Stored items from a collection
= = = = = = =

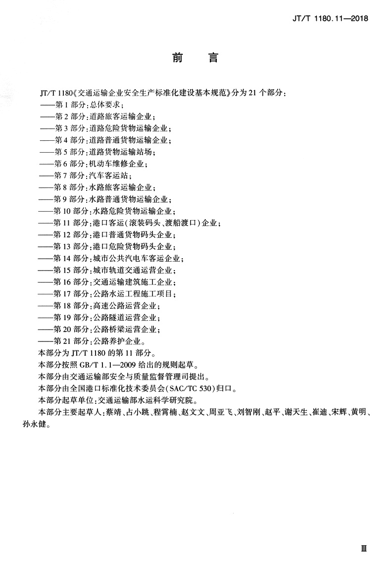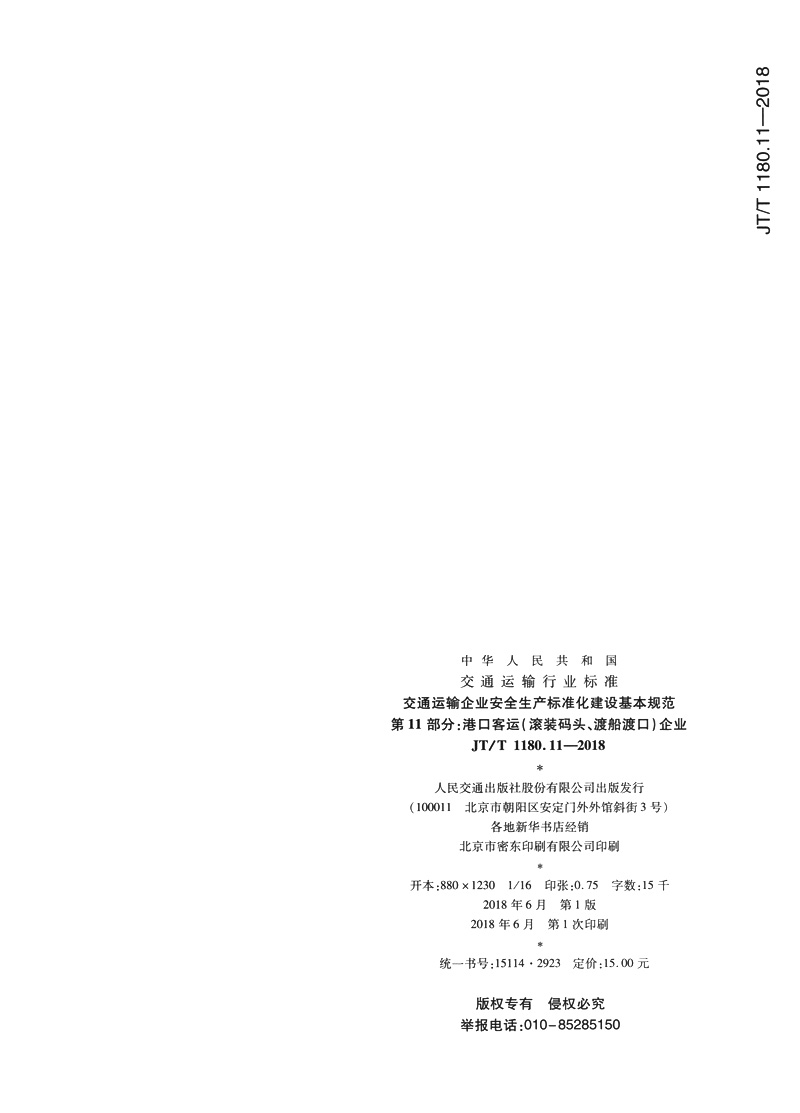书名:交通运输企业安全生产标准化建设基本规范 第11部分:港口客运(滚装码头、渡船渡口)企业(JT/T 1180.11—2018)
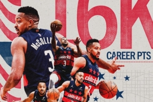 此役,奇才后卫麦科勒姆解锁生涯16000分里程碑,奇才官方分享海报祝贺道:“欢迎加入16000分俱乐部。”
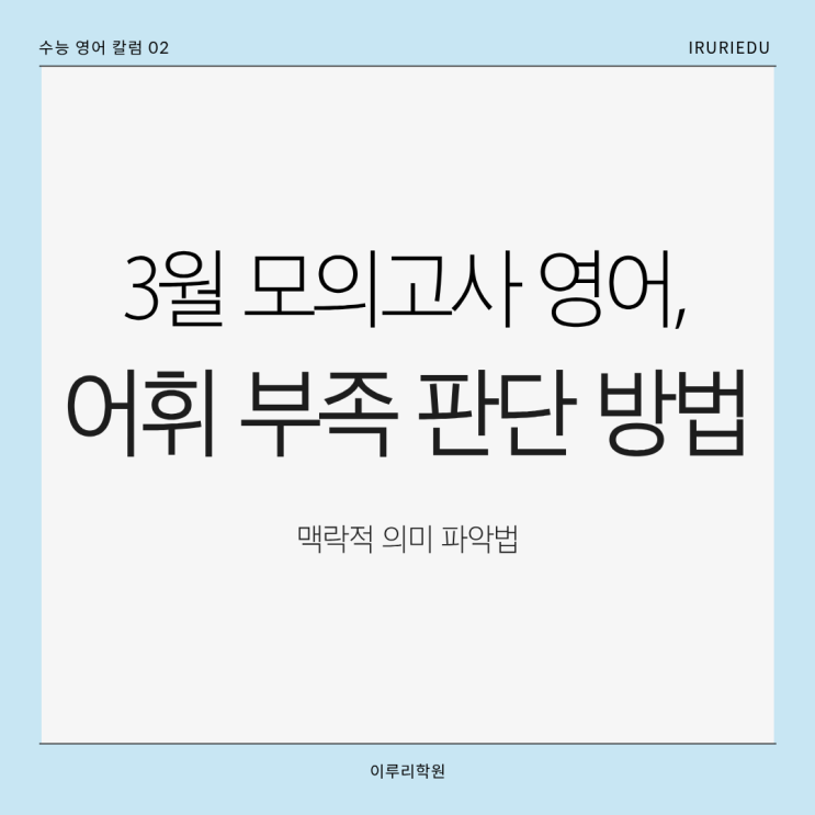 안녕하세요 이루리학원 컨설턴트 현건우입니다. 전편에 이어 이번에는 영어 어휘 수준 판별 및 어휘 접근법에 대해 다뤄보려 합니다. >이전 글 보러가기< 영어 독해의 첫 번째 기초 체력은 어휘입니다. 어휘가 안 되면 구문도, 독해도, 어법 판단도 전부 무력화됩니다. 그런데 많은 학생들이 어휘 공부를 잘못된 방식으로 합니다. 단어장을 펼치고, 영어 단어 옆에 적힌 한국어 뜻을 외웁니다. 그리고 "나 이 단어 안다"고 생각합니다. 시험에서 그 단어가 나오면 뜻을 떠올리는데, 정작 문장 속에서 그 단어가 어떤 의미로 쓰였는지는 잡지 못합니다. 어휘의 '사전적 의미'를 아는 것과, 문맥 속에서 '맥락적 의....... <img src="https://blogthumb.pstatic.net/MjAyNjAzMTZfMjAg/MDAxNzczNjYxNjk3MzY5.DCqE9DUca4wiuu8IasXQuDip1AHq_FjPnJOi6AyTrAQg.xkTvB9PC0bO2dg0ZGVnYnx9GP3QV80OK-Y2UA-t9prEg.PNG/1.png?type=s3" />
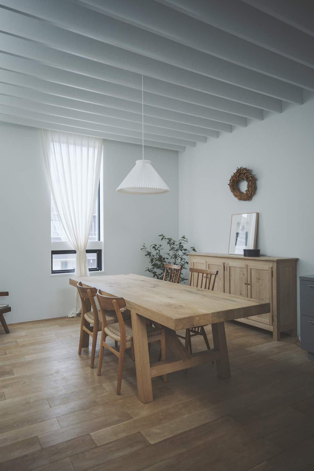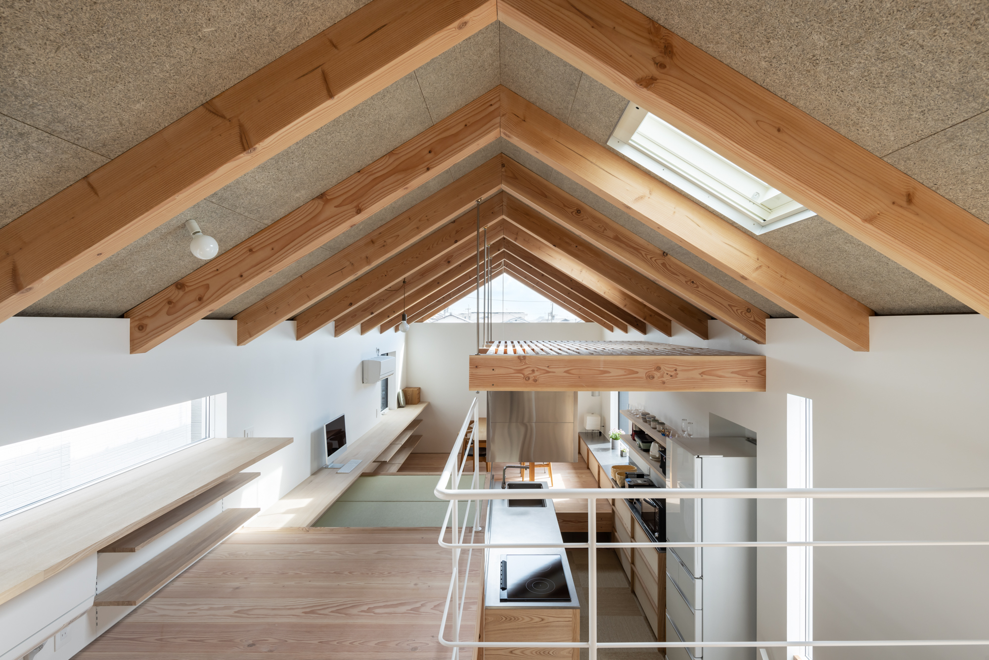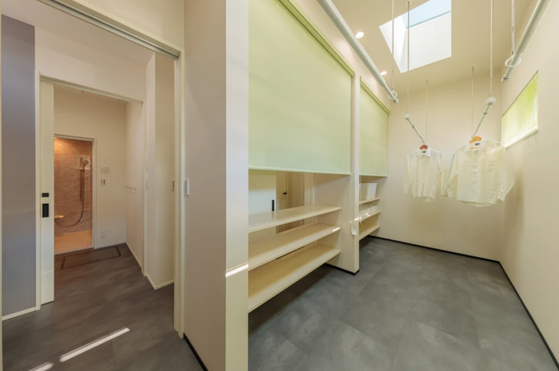 サンルームは天窓で日当たりもよく、洗濯を終えた洋服をすぐに片付けられるよう、収納棚を設置。上部にはハンガーバー、下部は可動棚になっています。収納棚のはオープン棚になっているので、廊下側からも洋服が取り入れできます。同じ場所でアイロンを掛けたり、洗濯が畳めるようテーブルを設置。
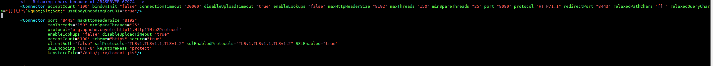atlassian 사이트는 confluence 와 jira 설정이 다르다고 나와 있는데 이렇게 하면 jira 작동이 server.xml 파일 문제 있다고 구동이 안된다. confluence 설정 그대로 꼭 해주자.
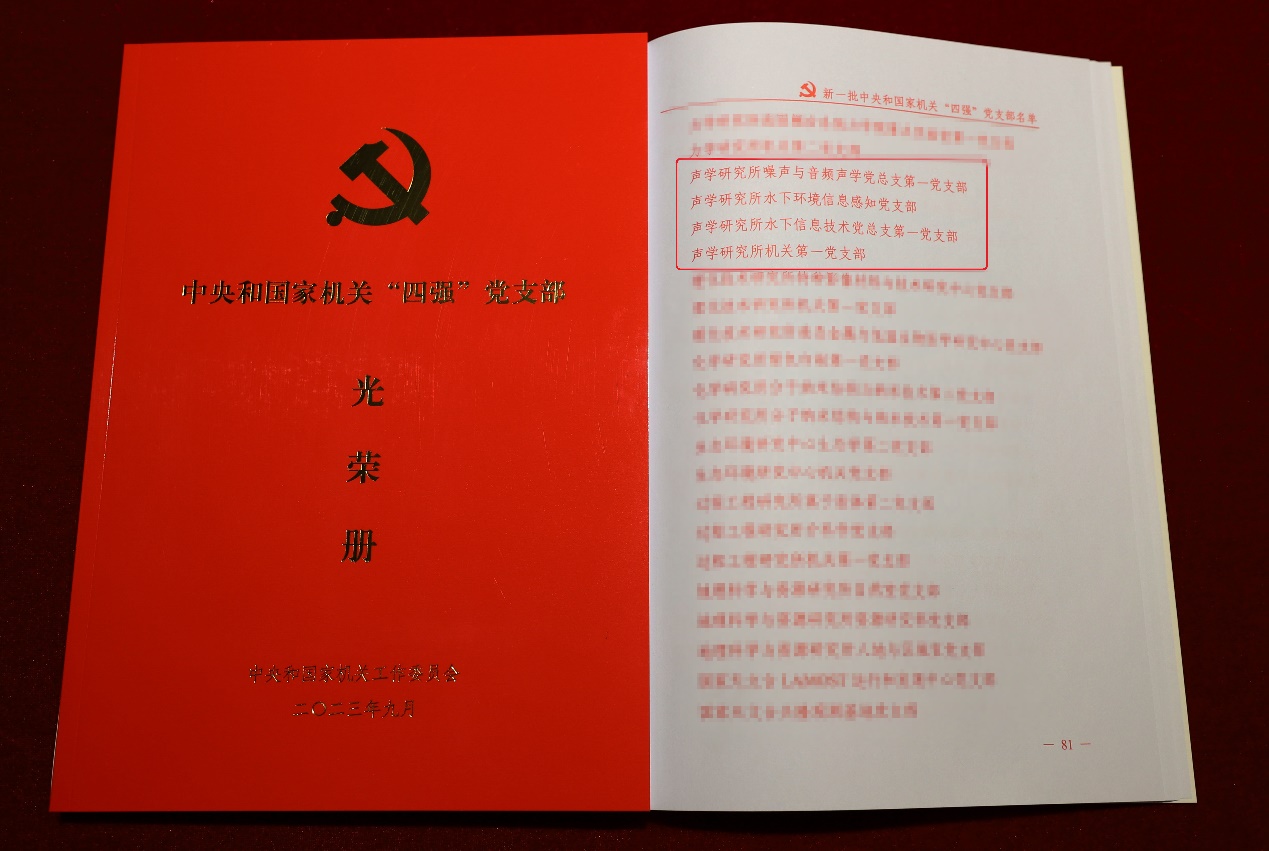 近年来,声学所各基层党组织通过不断强化规范化标准化建设,持续提升党支部政治功能和组织功能,充分发挥党支部战斗堡垒作用和党员先锋模范作用,着力建设“政治功能强、支部班子强、党员队伍强、作用发挥强”的“四强”党支部,以高质量党建引领科技创新高质量发展,不断取得突出成绩。
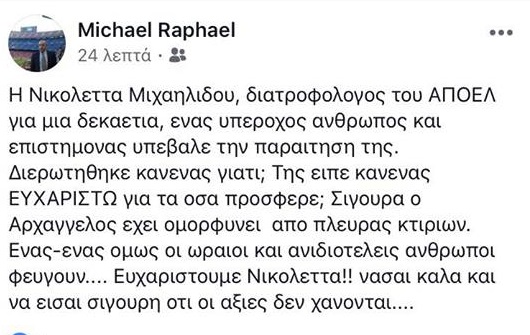 Ο Μιχαλάκης Ραφαήλ, πρώην μέλος του ΔΣ του ΑΠΟΕΛ (επί Φοίβου Ερωτοκρίτου) ευχαριστεί την διατροφολόγο της ομάδας μετά από μια δεκαετία και διερωτάται γιατί υπέβαλε την παραίτηση της. Δείτε την ανάρτηση του:
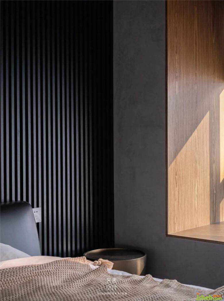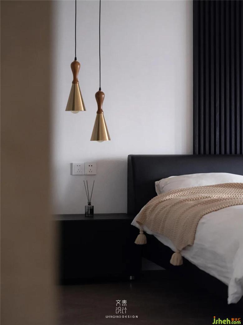 業(yè)主是一個(gè)人居住,所以原始戶型的小書房被改成了走入式衣帽間,整體舒適性得到了提升,主臥的空間也會(huì)更大,床背景的格柵裝修公司并沒有采用滿墻的形式,而是用吊燈來營(yíng)造視覺上的設(shè)計(jì)感與平衡感。
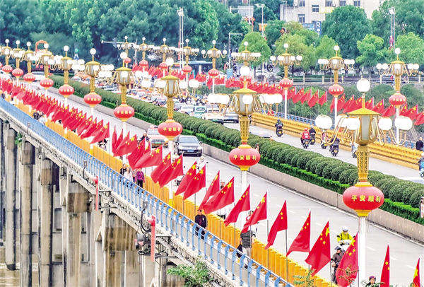 9月25日,我市市政部門對漢江一橋進行了裝扮,以迎接即將到來的國慶節(jié)。?陳德模 攝
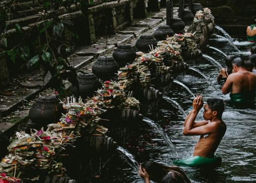Тирта Емпул е свещен воден храм, известен със своите изворни басейни, където местните и посетителите извършват ритуали за пречистване. Гунунг Кави впечатлява със своите древни скални светилища, издълбани в скалите сред живописна джунгла. Храмът Бесаких, наричан „Майчиният храм“ на Бали, е най-големият и значим религиозен комплекс на острова, разположен по склоновете на вулкана Агунг.
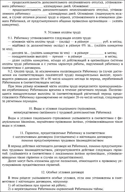 Отметим, что в настоящее время трудовым законодательством не предусмотрено какой-либо унифицированной формы трудового договора. Объясняется это прежде всего многообразием видов трудового договора, вследствие чего невозможно в какой-то типовой форме предусмотреть все его особенности (письмо Роструда от 9 августа 2007 г. № 3043-6-0).
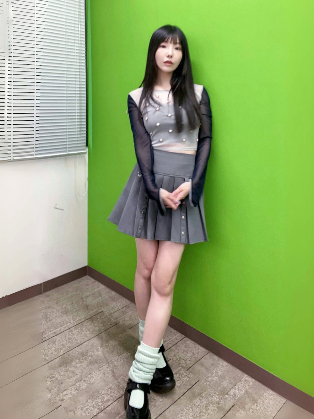 ハイウェストのスカートを短めのトップスに合わせたよ🤍 ネイビーとグレー🩶💙合わせるの好き✨
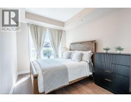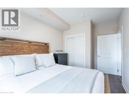 Discover boutique lakeside living in this stylish one-bedroom condo at the Waterfront Trails in Stoney Creek. Located in a charming four-storey building right on the lake, this freshly painted unit features newer wide plank flooring, a modern kitchen with stainless steel appliances and a breakfast bar. This unit features in-suite laundry and sliding doors that open to a private balcony. Enjoy the convenience of one owned underground parking space and one owned locker along with building amenities including a rooftop terrace with stunning lake views, an exercise room, bicycle storage and ample visitor parking! With a walking trail at your doorstep, easy beach access, quick access to the QEW and local amenities, this condo is a perfect opportunity for first-time buyers or investors seeking a turn-key property in a prime waterfront location. Don’t be TOO LATE*! *REG TM. RSA. (id:47351)
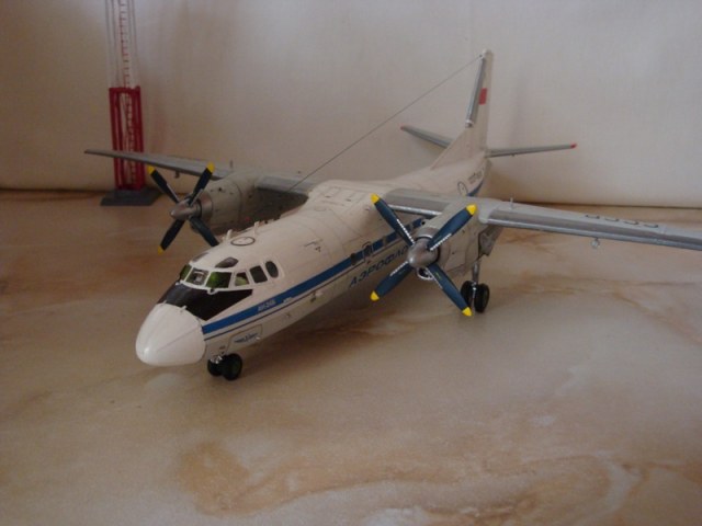 Добрый вечер. Представляю Вам Ан-24б. Модель была собрана в 2009 году. Еще до выхода модели был собран салон, куда вошли: пол, потолок, передний и задний багажный отсек, переборки салона, туалет, кухонный блок. Установлены кресла. В процесе сборки доработаны входные двери и добавлены антенны.
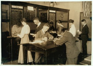 The Bank section of Commercial Room in Central High School. See Bliss report. Location: Muskogee, Oklahoma / Lewis W. Hine.

= = = = = = =

## What you should do
Return the lines above from the one with "Отметим, что в" through the one with "ハイウェストのスカートを短め", verbatim and nothing else. Omit every picture.

## Answer section
 Отметим, что в настоящее время трудовым законодательством не предусмотрено какой-либо унифицированной формы трудового договора. Объясняется это прежде всего многообразием видов трудового договора, вследствие чего невозможно в какой-то типовой форме предусмотреть все его особенности (письмо Роструда от 9 августа 2007 г. № 3043-6-0).
 ハイウェストのスカートを短めのトップスに合わせたよ🤍 ネイビーとグレー🩶💙合わせるの好き✨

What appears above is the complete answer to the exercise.